The bright tidiness kicked an unexpected swell of pity up Vee’s throat, and she checked herself quickly. If she’d lost a child – which she had, but not in the pure sense – keeping a home spotless and welcoming would be a priority of the lowest order. Her own period of misfortune wasn’t long buried in
the basement of memory at all: unwashed body, swollen eyes, perfectly happy to marinate in her own stink and self-pity were it not for those who loved her. Society extolled the virtues of strength, but nobody ever gave any solid advice about how to break down properly. How long could a mother bustle about playing hostess, all the while wrestling the thought that her only child might be somewhere no mother would ever want her baby to see?

‘I completely forgot the time,’ Paulsen called from the kitchen. ‘I hope you didn’t have to wait too long.’

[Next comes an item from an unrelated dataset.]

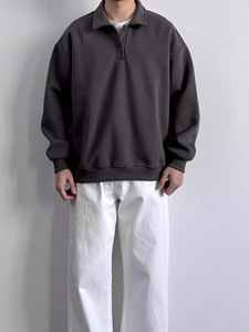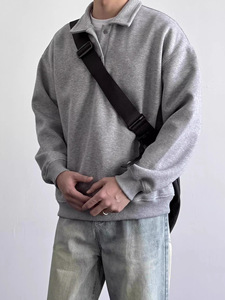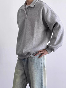 日系简约高级感POLO衫卫衣纯色宽松复古慵懒氛围感翻领长袖上衣潮

‘Not at all,’ Vee lied. Idly, she examined a large ornate cabinet filled with china plates, dusty mugs and tiny figurines. If there was one thing that crossed all cultural boundaries, it was the cabinet with the delicate glassware and precious silver. Jacqui, like all children, would likely never have touched its contents if she had valued her l–

‘Ian gave most of those to me. Precious, they are.’ Paulsen spoke up behind her, setting down the tea tray. ‘From his travels during his university and postgrad days. Me, I haven’t really travelled much. To Namibia once, before I got pregnant with Jacqueline, and once the two of us went to Zimbabwe in the good old days when it was such a nice country.’

Over the rim of the teacup, Vee dissected Adele. This woman devoted a daily portion of her energy to staying on the go. No one ever need see how miserable she was. Or how angry. The canned rage was hard to get at over the pain and armour of niceness, but it was unmistakably there. It had to be a struggle
carrying on as a preschool teacher, seeing those eager eyes and candied smiles every day.

‘And where are you from?’ Paulsen probed, pushing short brown hair behind both ears. ‘Your accent’s very different.’ She leaned over, deftly spooned three measures of white sugar into her tea, and leaned back in her armchair. Moving Adele. Still Adele. Vee swiftly cast a vote for Moving Adele. Still Adele looked ready to rise at any moment and slap the taste out her mouth for holding the cup the wrong way.

‘I’m Liberian. From Liberia,’ Vee added stupidly.

Adele ‘ahhed’ and raised her eyes ceiling-ward, snapping her fingers. In the measured cadence of an educator, she rattled off the capital city and two neighbouring countries before leaning into current politics since the end of the civil war. Vee jarred, pleasantly surprised and impressed. Most locals had little knowledge of other cultures ‘further north’, as they called it. The darker Africa, a realm devoid of ice cream or shopping malls.